Like last time, the hardest thing was to choose your presentation. I really hope it will be possible to retrieve the ones i have not seen: in fact, if i was to suggest one thing to Peter, it would be to encourage everyone to put their presentation on Slideshare.

The ones i saw:

  • A presentation of bootcamp by Yves Hanoulle of Paircoaching. A series of protocols to make your meetings productive.
  • FOSS for non-profit organizations by Wim Mostrey. His speech was interesting in itself, and i would say his situation was recognizable: he wanted to do something meaningful other than just web development. He was contacted by CivicActions to participate in the development of the Amnesty.org site.
  • Commentag is a (startup ?) project by Xavier Dammans, and is about tagging blog comments. This would allow you to organize and analyze discussions at a glance.
  • Shoes: a fun presentation by Koen Van Der Auwera, about a (looked like) equally fun toolkit for making Ruby GUI
  • Thought-provoking presentation by the MakeOrFund.com team. Their idea is to allow you, me, everyone to select, and then micro-fund entrepreneurs.
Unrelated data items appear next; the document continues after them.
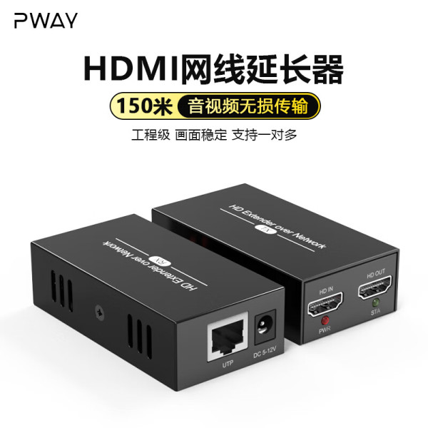 PWAY HDMI150米高清音视频无损传输转网口rj45可过千兆交换机支持一对多CAT6 HDMI网线延长器-1发1收
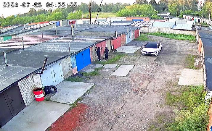 Двое мужчин передвигались на белом автомобиле Kia Rio с черной крышей и откидными номерами. Видеокамеры, установленные на столбах гаражного кооператива, зафиксировали все их действия. В определенный момент они пытались покинуть территорию, но, заметив автолюбителя в соседнем ряду, вернулись и продолжили осматривать гаражи, одновременно следя за автолюбителем.
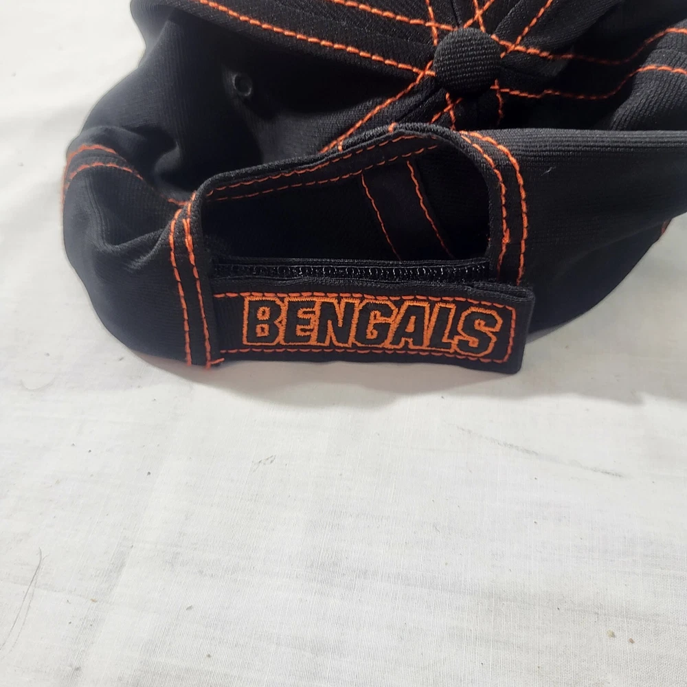Show your support for the Cincinnati Bengals with this vintage NFL headwear. The black canvas fabric, adjustable for a comfortable fit, makes this cap perfect for any casual occasion. The solid pattern and fitted features give it a 90s sports vibe, while the California Prop 65 Warning ensures safety. This one size adjustable baseball cap is perfect for any fan of the Cincinnati Bengals, and is not signed or personalized. Made in Bangladesh, this cap is a great addition to any sports-themed collection. Suitable for all seasons, it's a must-have for any true fan.
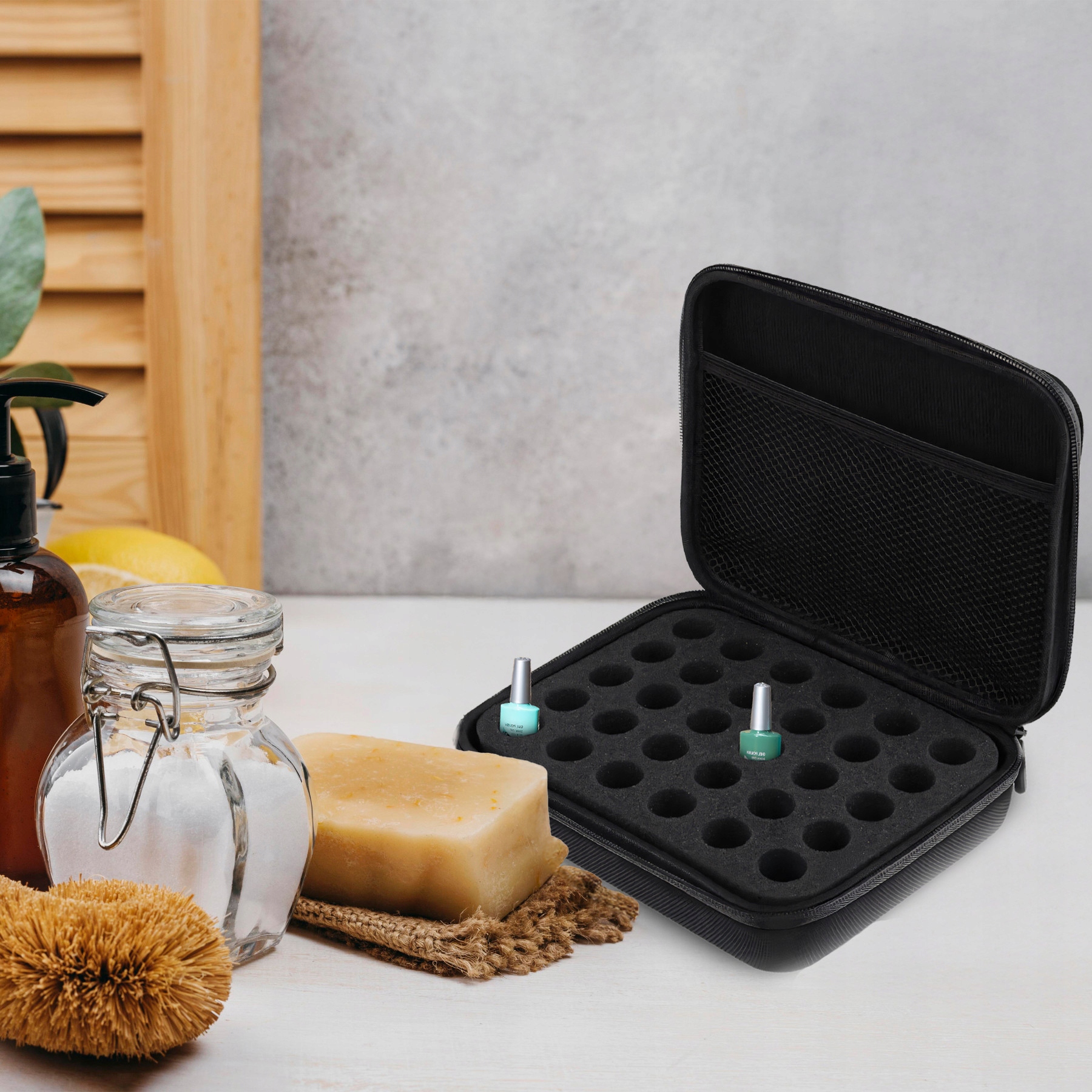 пенопластовой сепаратор с 30 отверстиями для бутылок с маслами или лаком является данной защитой во время перемещения, снижая риск потенциального разлива или повреждения бутылок с эфирными маслами. После удаления вставки из губки дело также может выступать в качестве косметолога для других аксессуаров. это не только практично, но и стильное решение. Стоит отметить, что дело построено так, что лучше всего защищен эфирными маслами от различных угроз, таких как царапины, воздействие или возможные утечки.
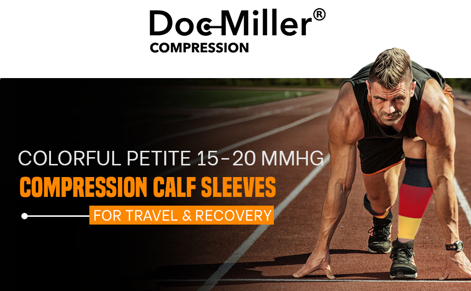 Doc Miller Calf Compression Sleeves for Short People Men and Women Petite 15-20mmHg, 1 Pair Shin Splint Sleeve Recover Varicose Veins and Pain Relief, Blue White Red, Medium
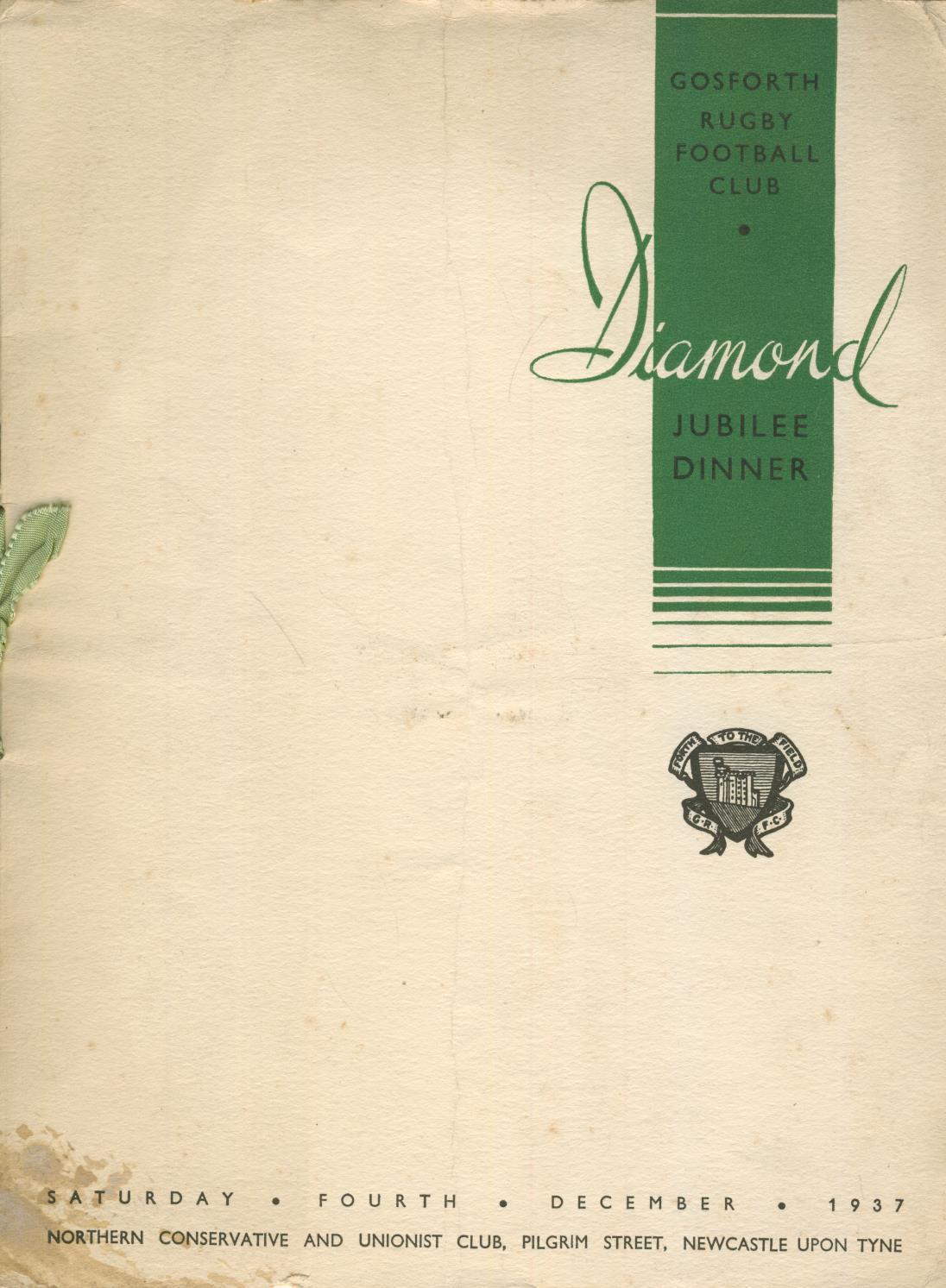 GOSFORTH RUGBY FOOTBALL CLUB DIAMOND JUBILEE DINNER 1937 MENU CARD
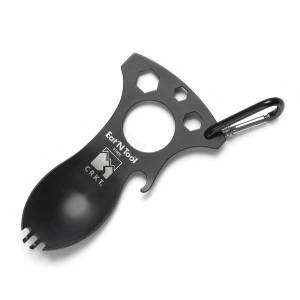 CRKT Eat’N Tool. Is het eten met gereedschap of sleutelen met een spork? Jij mag beslissen. Met de Eat’n Tool kun je beide. Ideaal voor grammenjagers. Deze spork heeft een ingebouwde flessenopener, schroevendraaier waarmee je ook deksels van blikjes kunt wrikken, en je kunt er moeren in de maten 6, 8 en 10mm mee aandraaien. De Eat’n Tool komt met een karabiner. Militairen kunnen hem bij het snelverband in het beenzakje stoppen.
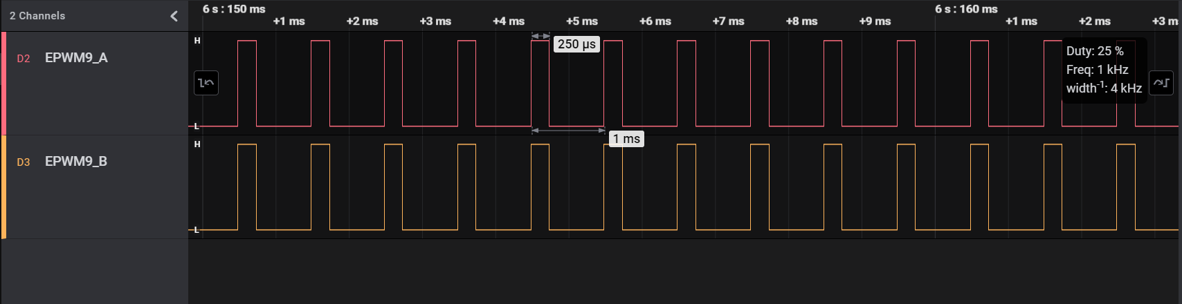 - EPWM9_A/B (EPWM2_A/B in case of AM261x-LP) pin can be connected to an oscilloscope to view the waveform.
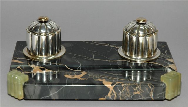 ÉCRITOIRE Art Déco, sur une base en marbre noir veiné beige, deux portes godets encriers en BRONZE argenté à décor godronné, pour godets encriers en cristal, sous couvercle charnière. Deux angles ont des incrustations en onyx.
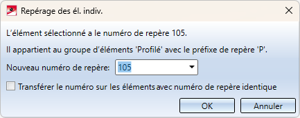 Cette fonction permet d'attribuer manuellement un numéro de repère aux éléments individuels.
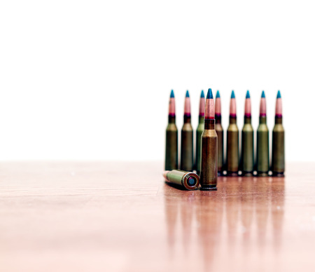 Assorted bullets on a table, indoor shot with shallow depth of field
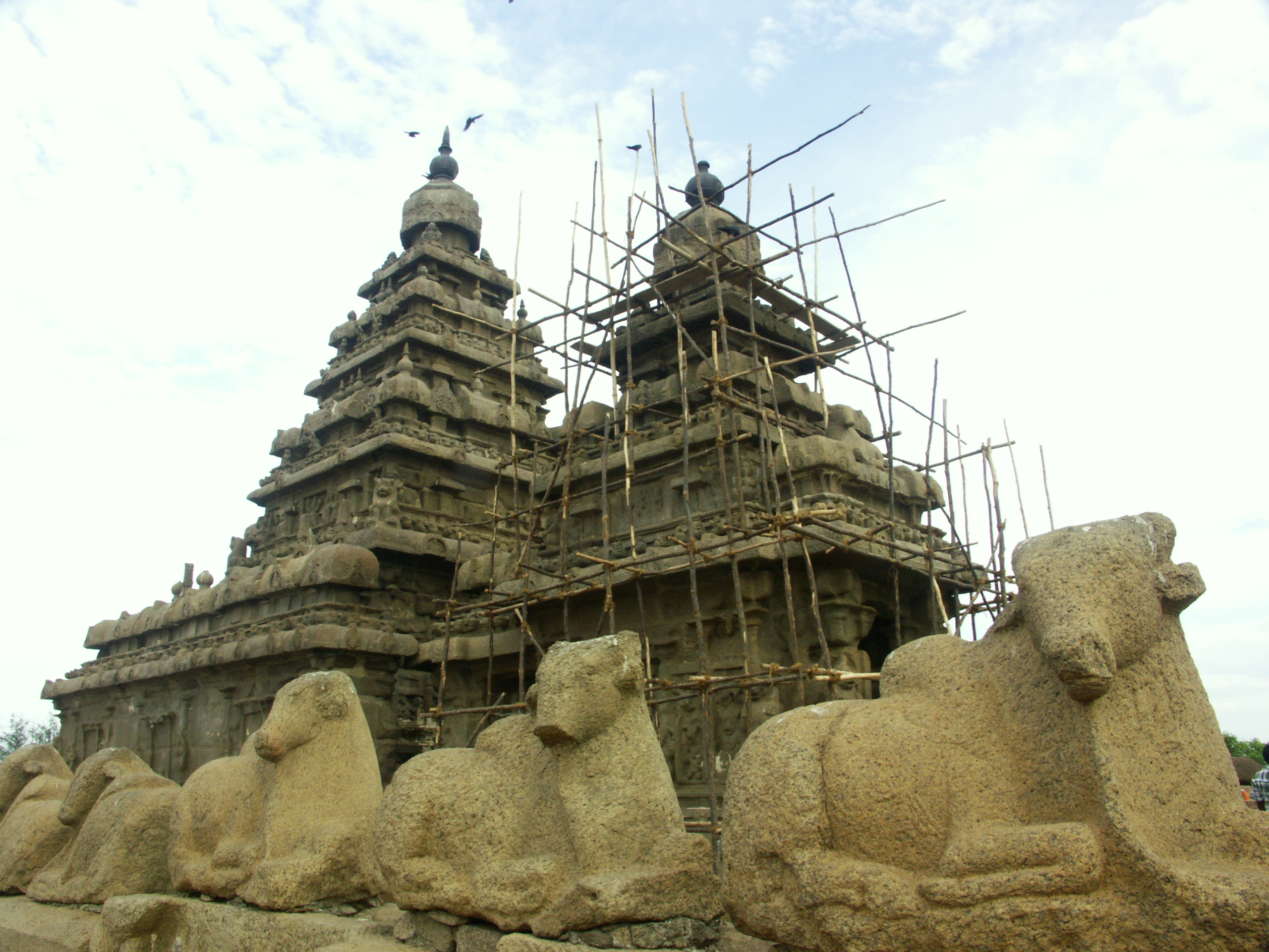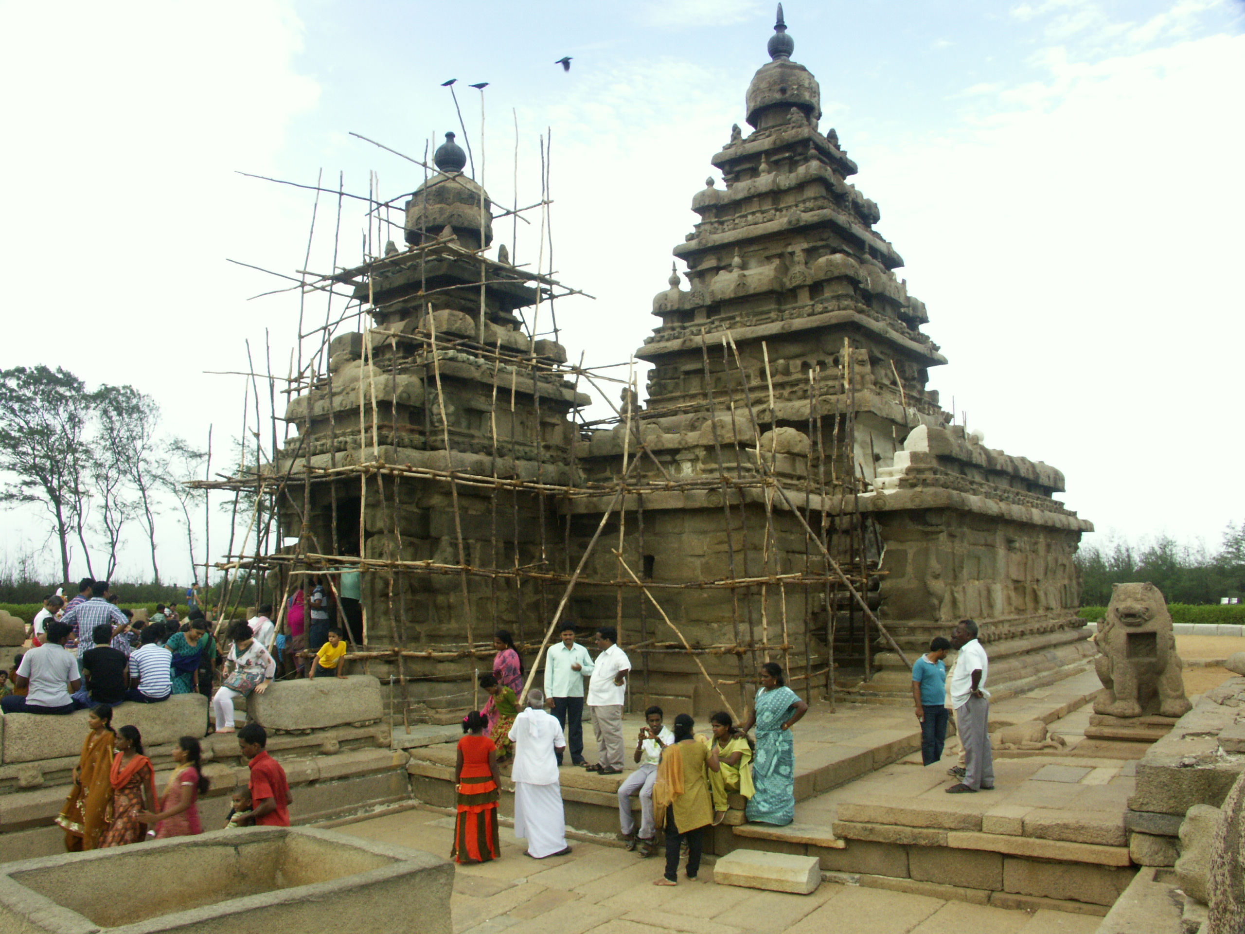 Ein weiterer Höhepunkt ist zweifelsohne der dem Gott Vishnu geweihte Küstentempel, der nicht nur knapp eineinhalb Jahrtausende überstanden hat, sondern auch die Tsunamikatastrophe von 2004. Man kann nur ahnen, wie verziert der nunmehr erodierte Tempel zum Zeitpunkt seiner Enstehung gewesen sein muss. Noch immer betreten Vishnuiten, die Anhänger Vishnus, den baufälligen Tempel, um zu beten.

While there are still some gaps in the plan (what’s in it for the investor ? will the general public really select the best ideas ?) it sounded like a real innovation.
  • Tim Romberg is participating to a research project to take the wiki a step further. This would involve integration with other enterprise components, semantic search, a rich client to allow a more usable and productive way to contribute to wiki’s (for the non-IT user), and content ‘gardening’ by the software itself. Looking forward to their release in january.
  • Peter Vandenabeele is (amongst other things) or national expert on ODF. A presentation about the roll-out of this format within the belgian government.
  • emich messed around with Google Android and made a presentation to tell us the tail. His verdict: an alpha at best, not ready for serious development.
  • errr … my presentation.

I missed a good few other ones, which sounded equally interesting. However, the best thing about BarCamp is the fact that you meet people, exchange ideas, discuss ideas and plans. You leave the place with a headfull of new ideas, tools, advice. Cross-pollinating in the belgian IT world.

Somehow i feel really tired, now. Full day.